Estate of Van Riper v. Director, Division of Taxation, 241 N.J. 115 (2020). The taxpayers in this case lost their argument, on summary judgment, before the Tax Court and then the Appellate Division. The Supreme Court granted review, as discussed here, and today the Court unanimously affirmed the decisions below. Justice Solomon wrote the Court’s opinion.
The issue was whether a transfer inheritance tax assessment of the decedents’ residence at full value was proper under the circumstances of the case. The property had been held by the decedents, husband and wife, in tenancy by the entirety. As Justice Solomon observed, the case was unusual in that married couples generally deed property into two trusts, which are taxed in phases on the death of each spouse. Here, however, the decedents transferred their marital home to a single irrevocable trust.
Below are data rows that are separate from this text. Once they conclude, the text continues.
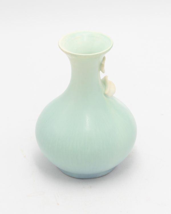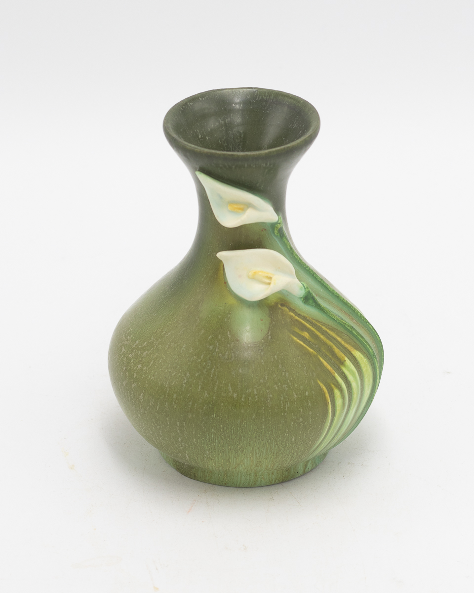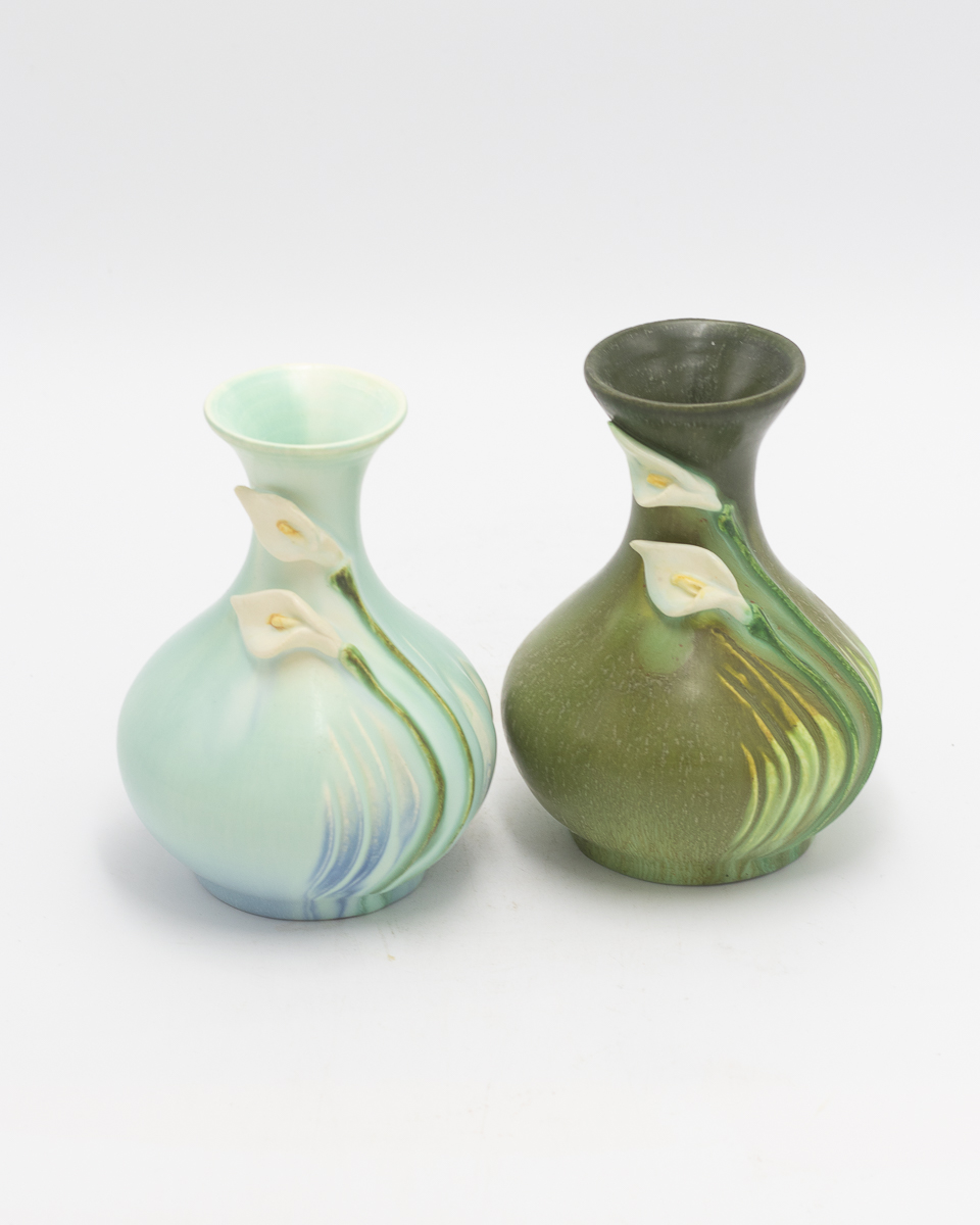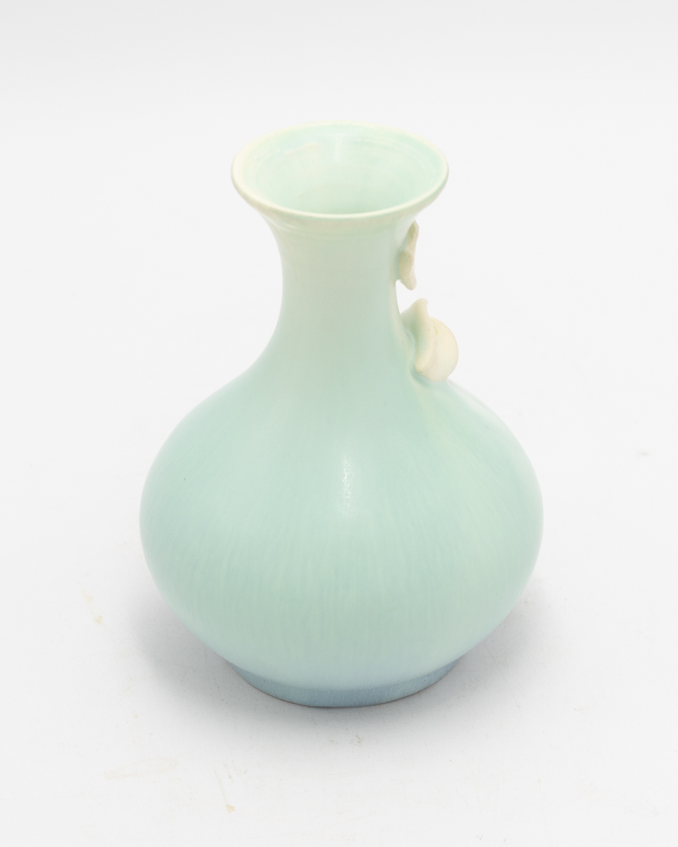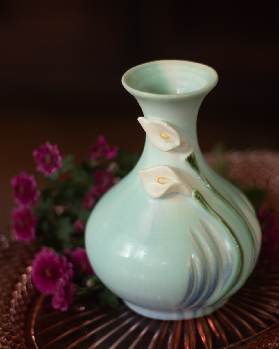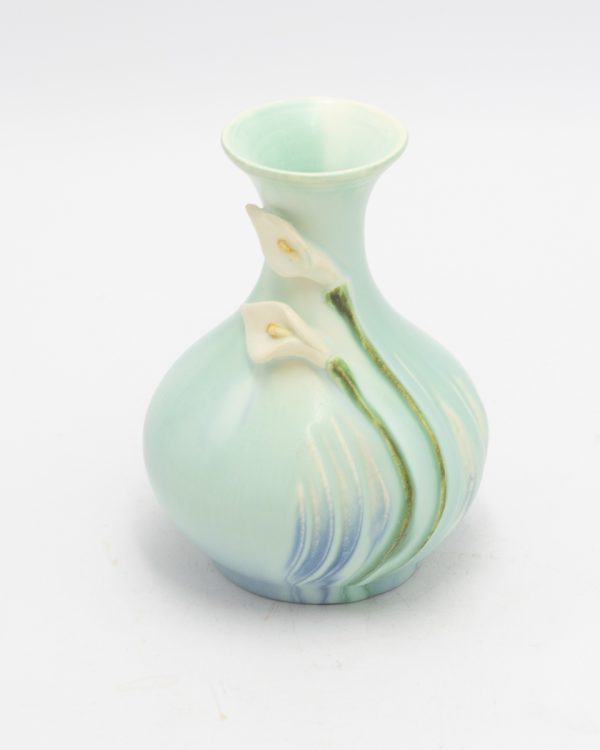 The Peaceful Cabinet Vase celebrates quiet elegance through simplified, organic forms. This beautifully proportioned piece features a bulbous body with deeply carved, flowing lines that echo natural growth patterns, crowned with a gently flared rim and adorned with hand-sculpted calla lily blooms in high relief. Available in two complementary glaze combinations—one in soft aqua, the other in olive green—this vase embodies the serene symbolism of the calla lily: peace, purity, and grace. The compact size makes it ideal for cabinet displays or intimate arrangements where simplicity speaks volumes.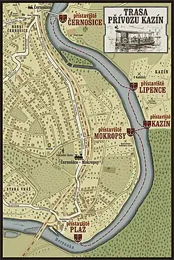 11. května 1925 udělila zemská správa povolení ke zřízení osobního loďkového přívozu u lázní „Kazín", později i u lázní „Pod hrádkem" – oba tyto nové přívozy podle obecní kroniky odebraly část přepravní frekvence dosavadnímu černošickému přívozu.[5] Historický provoz poprvé doložen 1899, naposledy 1950.[6]
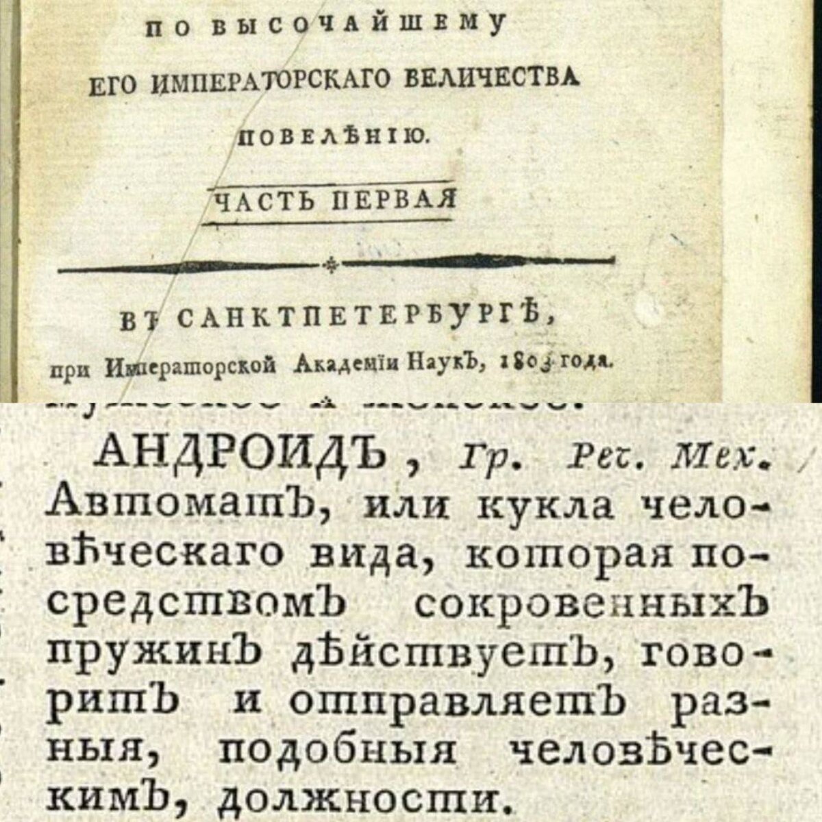 Официально понятие «андроид» впервые всплывает в патентах США от 1863 года как «миниатюрные автоматы, схожие с человеком». Но, внезапно, в толковом словаре при Императорской Академии Наук в Санкт-Петербурге это слово значится ещё с 1803 года. Это как понимать? Андроидов нет, а термин для их определения есть?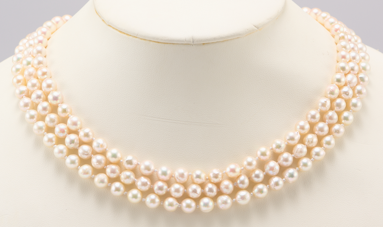 A TRIPLE STRAND OF CULTURED PEARLS TO A GOLD PLATED SILVER CLASP, THE PEARL DIAMETER APPROXIMATELY 6MM, NECKLACE LENGTH 450MM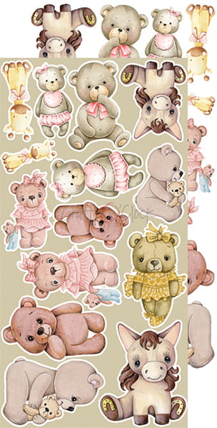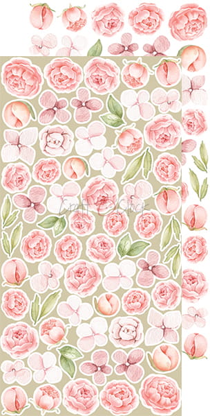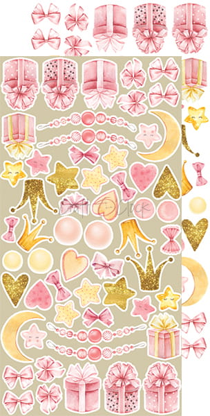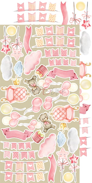Zestaw 18 arkuszy wysokiej jakości dwustronnego papieru do scrapbookingu z dodatkami do samodzielnego wycięcia. 3x6 wzorów + dodatkowe elementy (ramki) do wycięcia na odwrocie strony tytułowej.

The courts at all three levels concluded that it was proper to tax the full value of the home. The Supreme Court said that “[t]he different estate-planning mechanisms have different consequences reflecting the grantors’ differing goals and intentions. In short, there is no reason to treat the single trust created here the same as the more common grant creating two separate trusts”.
Justice Solomon found that result to be “clear under the plain language of the statute [N.J.S.A. 54:34-1(c) and 54:34-1.1] itself,” as well as under caselaw that he discussed in detail. He said that “any other holding would introduce an intolerable measure of speculation and uncertainty in an area of law in which clarity, simplicity, and ease of implementation are paramount.”
The Estate relied on three cases. One of them, Justice Solomon noted, “dealt with the equitable distribution of property held as joint tenants with a right of survivorship, not the very different application of the transfer inheritance tax statute to property held as tenants by the entirety.” The other two precedents were federal decisions under the federal tax code that the Court found inapplicable here.